What the task requires:
Where an entry contains an image, skip the image and print the rest exactly.

Records to process:
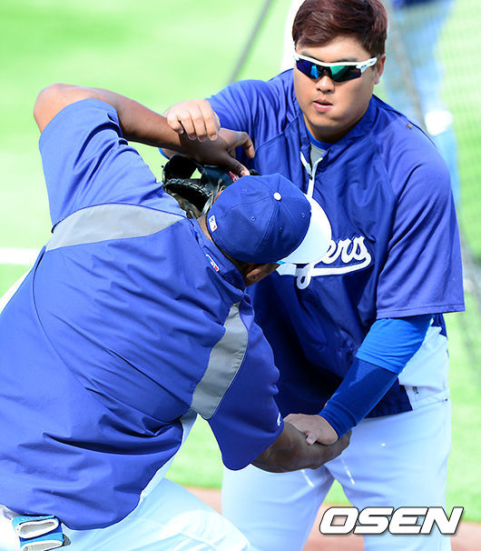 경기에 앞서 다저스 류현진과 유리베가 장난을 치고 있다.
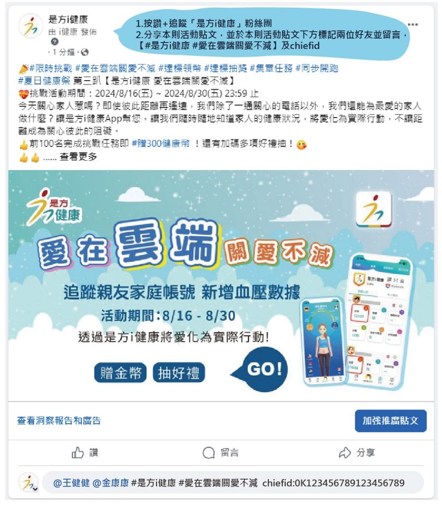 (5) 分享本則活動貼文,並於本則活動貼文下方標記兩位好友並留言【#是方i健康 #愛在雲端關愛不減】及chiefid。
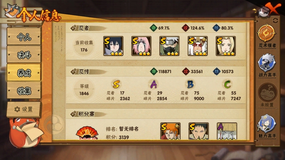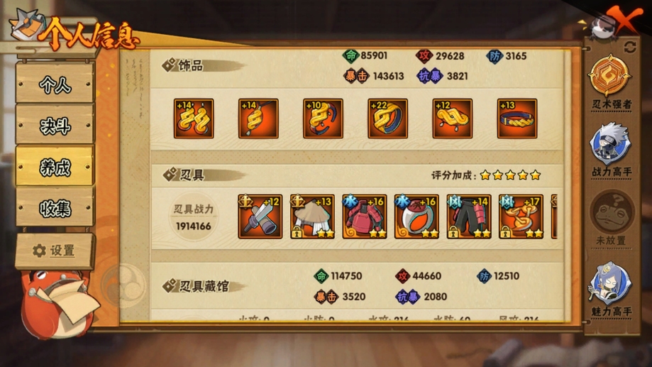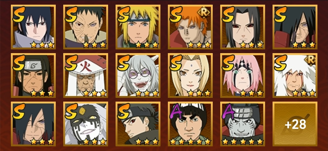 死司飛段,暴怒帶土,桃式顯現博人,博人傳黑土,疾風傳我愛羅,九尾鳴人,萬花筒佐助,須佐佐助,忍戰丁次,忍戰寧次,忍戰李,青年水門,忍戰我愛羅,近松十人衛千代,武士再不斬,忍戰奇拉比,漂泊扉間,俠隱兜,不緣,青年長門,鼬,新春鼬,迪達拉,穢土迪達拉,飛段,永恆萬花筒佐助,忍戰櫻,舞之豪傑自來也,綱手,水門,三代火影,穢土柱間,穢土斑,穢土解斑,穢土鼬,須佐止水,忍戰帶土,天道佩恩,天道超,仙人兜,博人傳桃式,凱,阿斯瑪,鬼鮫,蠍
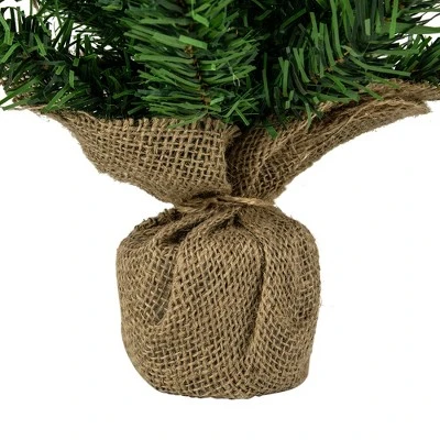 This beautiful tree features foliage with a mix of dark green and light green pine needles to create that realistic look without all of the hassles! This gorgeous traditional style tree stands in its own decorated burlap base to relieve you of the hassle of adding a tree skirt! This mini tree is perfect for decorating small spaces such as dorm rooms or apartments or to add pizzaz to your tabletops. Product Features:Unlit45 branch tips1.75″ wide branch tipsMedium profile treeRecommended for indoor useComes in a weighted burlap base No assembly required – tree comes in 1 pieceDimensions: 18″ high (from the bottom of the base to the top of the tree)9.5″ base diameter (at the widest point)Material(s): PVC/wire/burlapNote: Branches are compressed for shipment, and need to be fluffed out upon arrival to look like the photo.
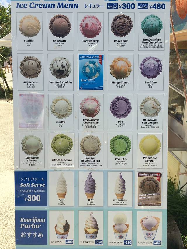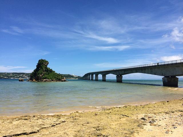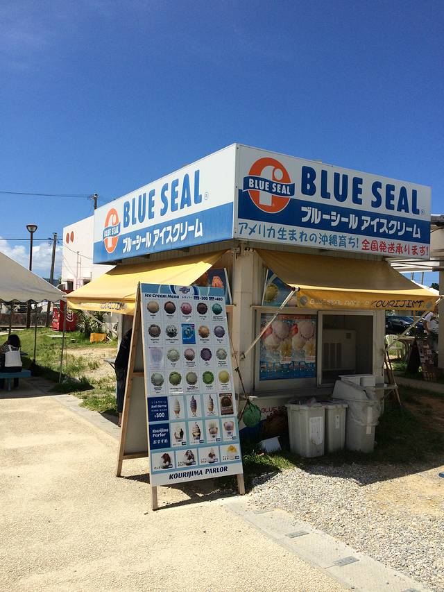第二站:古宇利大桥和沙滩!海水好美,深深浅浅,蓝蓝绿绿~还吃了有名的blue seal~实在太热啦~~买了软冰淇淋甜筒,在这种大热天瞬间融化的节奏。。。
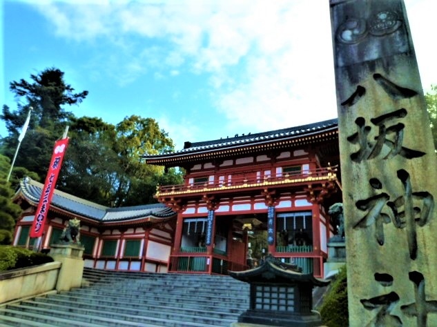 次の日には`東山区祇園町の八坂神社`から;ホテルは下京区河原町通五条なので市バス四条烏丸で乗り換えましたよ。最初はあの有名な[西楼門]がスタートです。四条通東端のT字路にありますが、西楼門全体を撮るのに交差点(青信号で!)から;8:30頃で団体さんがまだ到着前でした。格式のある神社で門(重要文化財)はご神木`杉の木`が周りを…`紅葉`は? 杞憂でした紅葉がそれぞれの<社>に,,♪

Response to the exercise:
 경기에 앞서 다저스 류현진과 유리베가 장난을 치고 있다.
 (5) 分享本則活動貼文,並於本則活動貼文下方標記兩位好友並留言【#是方i健康 #愛在雲端關愛不減】及chiefid。
 死司飛段,暴怒帶土,桃式顯現博人,博人傳黑土,疾風傳我愛羅,九尾鳴人,萬花筒佐助,須佐佐助,忍戰丁次,忍戰寧次,忍戰李,青年水門,忍戰我愛羅,近松十人衛千代,武士再不斬,忍戰奇拉比,漂泊扉間,俠隱兜,不緣,青年長門,鼬,新春鼬,迪達拉,穢土迪達拉,飛段,永恆萬花筒佐助,忍戰櫻,舞之豪傑自來也,綱手,水門,三代火影,穢土柱間,穢土斑,穢土解斑,穢土鼬,須佐止水,忍戰帶土,天道佩恩,天道超,仙人兜,博人傳桃式,凱,阿斯瑪,鬼鮫,蠍
 This beautiful tree features foliage with a mix of dark green and light green pine needles to create that realistic look without all of the hassles! This gorgeous traditional style tree stands in its own decorated burlap base to relieve you of the hassle of adding a tree skirt! This mini tree is perfect for decorating small spaces such as dorm rooms or apartments or to add pizzaz to your tabletops. Product Features:Unlit45 branch tips1.75″ wide branch tipsMedium profile treeRecommended for indoor useComes in a weighted burlap base No assembly required – tree comes in 1 pieceDimensions: 18″ high (from the bottom of the base to the top of the tree)9.5″ base diameter (at the widest point)Material(s): PVC/wire/burlapNote: Branches are compressed for shipment, and need to be fluffed out upon arrival to look like the photo.
第二站:古宇利大桥和沙滩!海水好美,深深浅浅,蓝蓝绿绿~还吃了有名的blue seal~实在太热啦~~买了软冰淇淋甜筒,在这种大热天瞬间融化的节奏。。。
 次の日には`東山区祇園町の八坂神社`から;ホテルは下京区河原町通五条なので市バス四条烏丸で乗り換えましたよ。最初はあの有名な[西楼門]がスタートです。四条通東端のT字路にありますが、西楼門全体を撮るのに交差点(青信号で!)から;8:30頃で団体さんがまだ到着前でした。格式のある神社で門(重要文化財)はご神木`杉の木`が周りを…`紅葉`は? 杞憂でした紅葉がそれぞれの<社>に,,♪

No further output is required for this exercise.